Task goal >> Starting at the line with "22_2014 35ft Scout 350 LXF SAND DOLLAR TOO", return every line through the final one of the data, word for word. Pictures stay out.

Source records:
◆ ◆ ◆ ◆ ◆ ◆ ◆

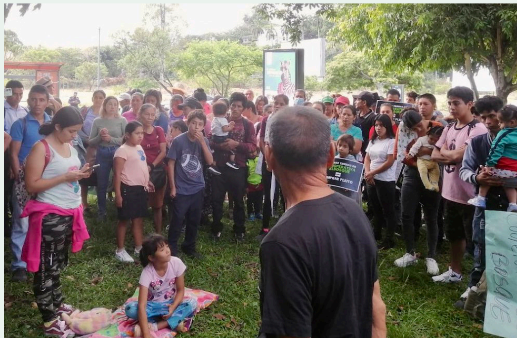
La Cooperativa El Bosque junto con Reverdes denuncian que hay una orden de desalojo para 300 familias de la zona.
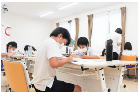
▲遊んだ後は勉強。自然に机に向かい、私語がなくなり、集中できる環境になります。

皆繋は、平成28年に設立され、居場所や活動場所の提供、社会課題の調査など、さまざまな活動を行っています。法人は、現在、正会員13人、そのうち4人がスタッフとして活動しています。みんなをたなく場所として開設された「こみゆすぽ安岡」では、無料で、遊びや食事の提供、学習支援が行われています。スタッフの他にも学生ボランティアの方などが一緒に過ごします。法人を設立した代表理事
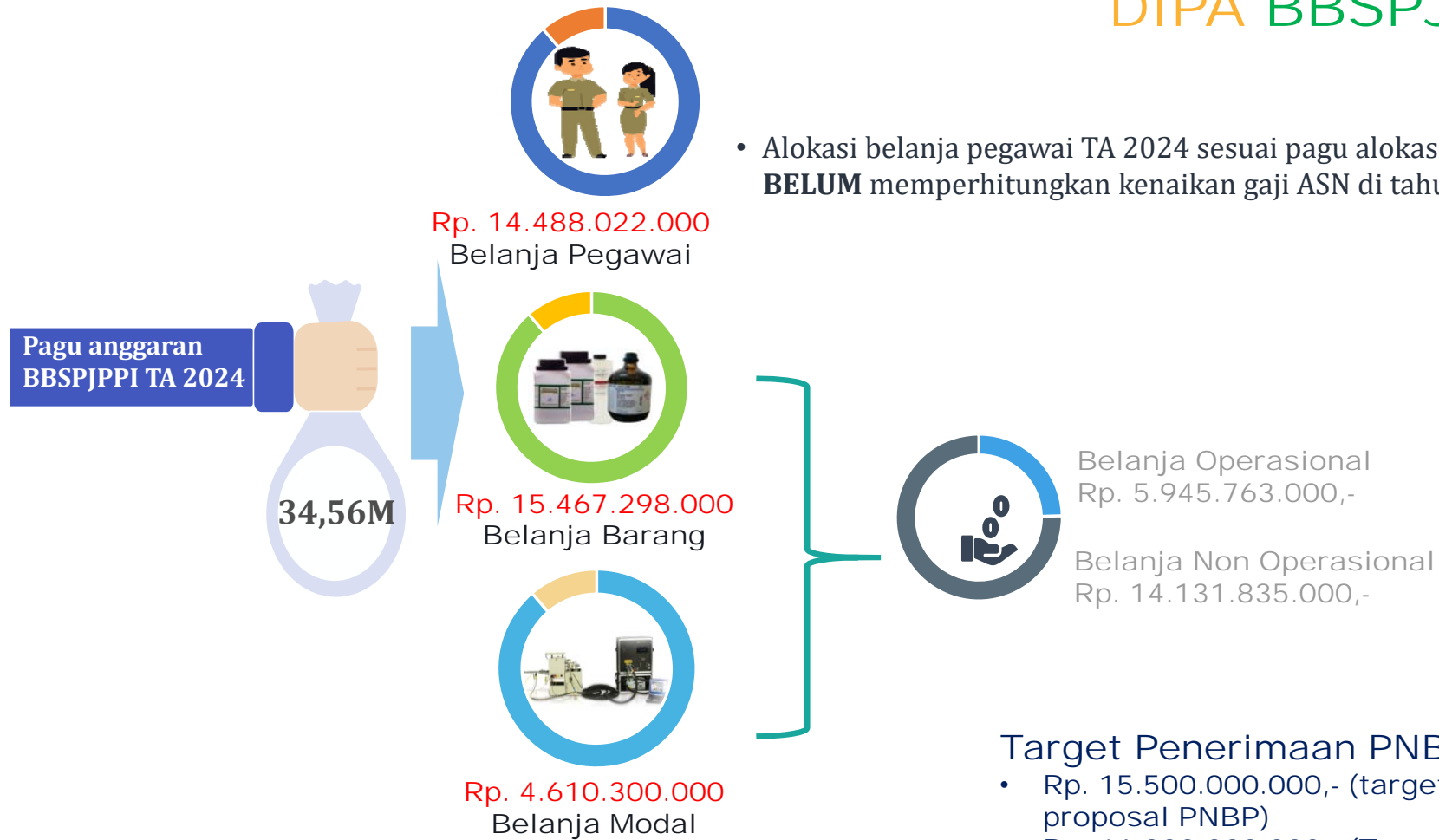
Komposisi Anggaran Per Jenis Belanja
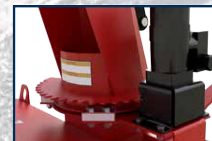
ROTATION DE LA CHUTE SUR POLYÉTHYLÈNE UHMV
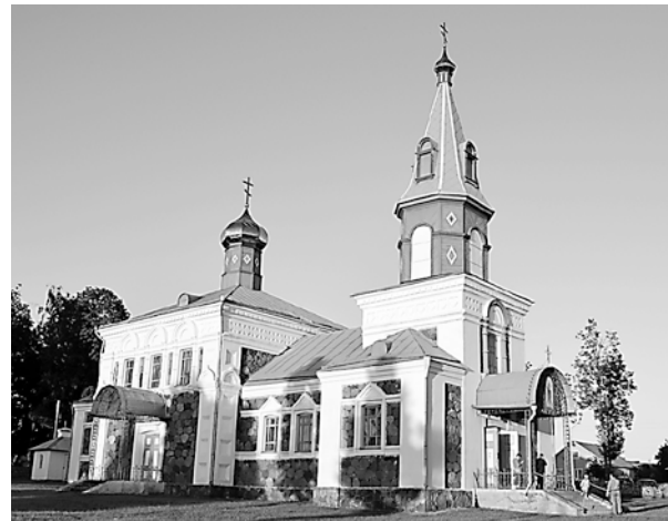
Храм Покрова Пресвятой Богородицы, г. Докшицы

ный путь для встречи со святостью и стяжания благодати? Путника влечет желание приблизиться к источнику святости, разрешить какой-либо вопрос, касающийся выбора дальнейшей жизни, совет, вразумление, укрепление в вере. Мы знаем множество примеров, когда цель паломничества заключалась в вымалывании здоровья и исцеления для себя и своих родных, возможность покаяться за тяжкие грехи и ошибки молодости. На паломничество могло подвигнуть отпадение от Церкви кого-то из близких и желание вымолить ему веру. Бывали так называемые «обетные» богомолья, когда человек в смертельной болезни или крайней опасности давал Господу обещание: если ему суждено остаться в живых,
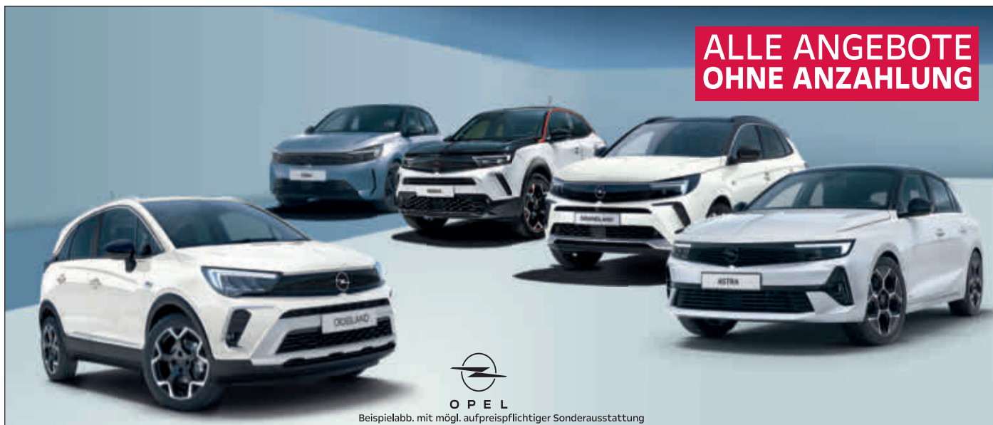
Beispielabb. mit mögl. aufpreispflichtiger Sonderausstattung

BIG DEAL 6 Jahre Garantie 1) 3 Inspektionen 2) GESCHENKT!
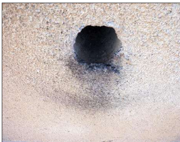
Znečištění fasády pod ventilačním otvorem, způsobené otěrem rýdovacích per pěvců
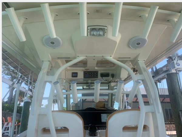
22_2014 35ft Scout 350 LXF SAND DOLLAR TOO
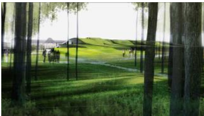
Lycée Marcel Sembat – Sotteville les Rouen

◆ ◆ ◆ ◆ ◆ ◆ ◆

Reply to the task >>
22_2014 35ft Scout 350 LXF SAND DOLLAR TOO
Lycée Marcel Sembat – Sotteville les Rouen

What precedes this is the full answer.